Giovanni De Stefanis gratifica Assisi di una lieve pacca sulla spalla e marcia trionfalmente fuori mentre il poliziotto si trattiene a stento dal mettersi a saltare di gioia e si gode le occhiate invidiose dei colleghi per quello sfoggio di confidenza.

Rosicate, rosicate, teste di cazzo. E se tutto va come credo presto qualcuno dovrà rosicare molto di più.

 

 

 

 

Capitolo III

 

«Venite santi di Dio. Accorrete Angeli del Signore. Accogliete la sua anima e presentatela al trono dell'Altissimo».

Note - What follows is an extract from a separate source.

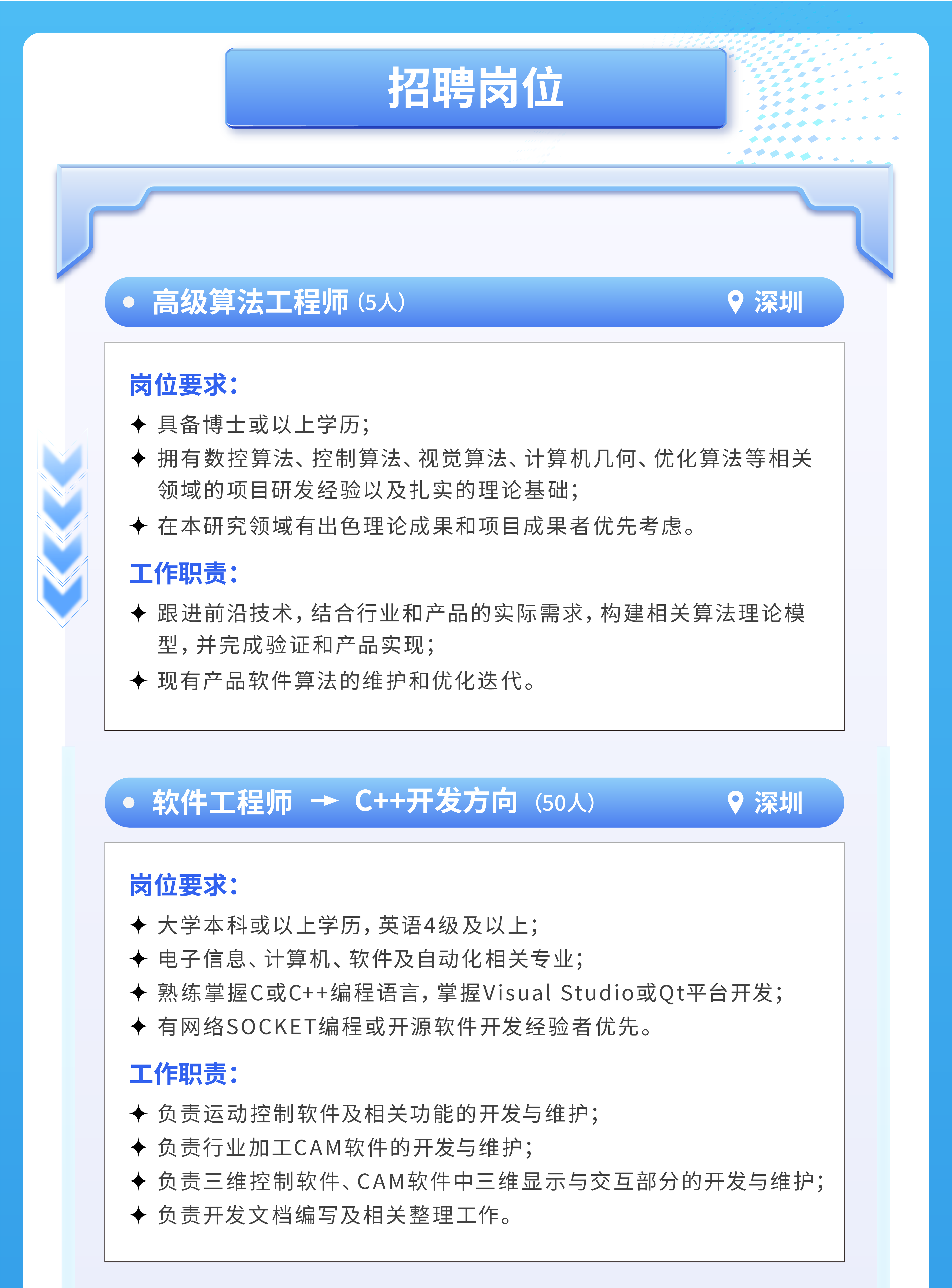 關(guān)鍵字:追光族夢 智控未來丨2025年大族智控春季校園招聘火熱開啟!高級算法工程師,軟件工程師(C++開發(fā)方向、嵌入式開發(fā)方向、視覺應(yīng)用開發(fā)方向、AI應(yīng)用開發(fā)方向、運動控制算法研究方向、應(yīng)用工程師、工藝開發(fā)工程師),電控工程師,技術(shù)支持工程師。

Pietro Salis fissa imbambolato le volute d'incenso che si alzano verso il soffitto della basilica di San Lorenzo Fuori le Mura mentre il sacerdote e l'accolito girano attorno al feretro, circondato da un tappeto di fiori, cuscini e corone adorni di lunghi nastri viola, recitando le ultime formule rituali e agitando il turibolo.

Er Cattivo sbatte gli occhi, pesti e gonfi e scuote la testa come se non riuscisse a capire che, dentro quella cassa di legno chiaro, impreziosita da maniglie e fornimenti d'ottone che brillano come oro zecchino c'è veramente lei, la sua Marisa.

Sua moglie, se avesse fatto in tempo a sposarla.

Chiesa gremita, come si conviene ai funerali della donna di un boss del suo calibro. In prima fila, il gruppo storico di Salis: Scrocchiazeppi, più lugubre che mai nel completo scuro da vespillone che s'è comprato apposta, con la cravatta che sembra mettere in risalto il pomo d'Adamo nel lungo collo da giraffa, Giacchettone, compunto e afflitto, Palle d'Oro in fresco lana color canna di fucile, i capizona dei quartieri limitrofi a Ostia che si sono svenati nella gara a chi mandava l'omaggio floreale più vistoso e costoso.

Manca er Fanfara, assente giustificato visto che sta a buiosa.

Salis, invece, è libero. Scarcerazione anticipata, decisa dal giudice di sorveglianza assieme al permesso per assistere alle esequie, in considerazione del fatto che Salis si è comportato da detenuto modello.

Tutti i boss sono detenuti modello. Almeno fino a quando si scopre che, dalla loro cella, hanno continuato a dirigere i traffici e, magari, a ordinare omicidi e gambizzazioni.

Salis non ha ordinato alcun omicidio. Il prossimo lo farà con le sue mani e col lungo coltello a scatto che ha comprato appena uscito e che, ogni tanto, tasta nervosamente nella saccoccia come fosse un portafortuna.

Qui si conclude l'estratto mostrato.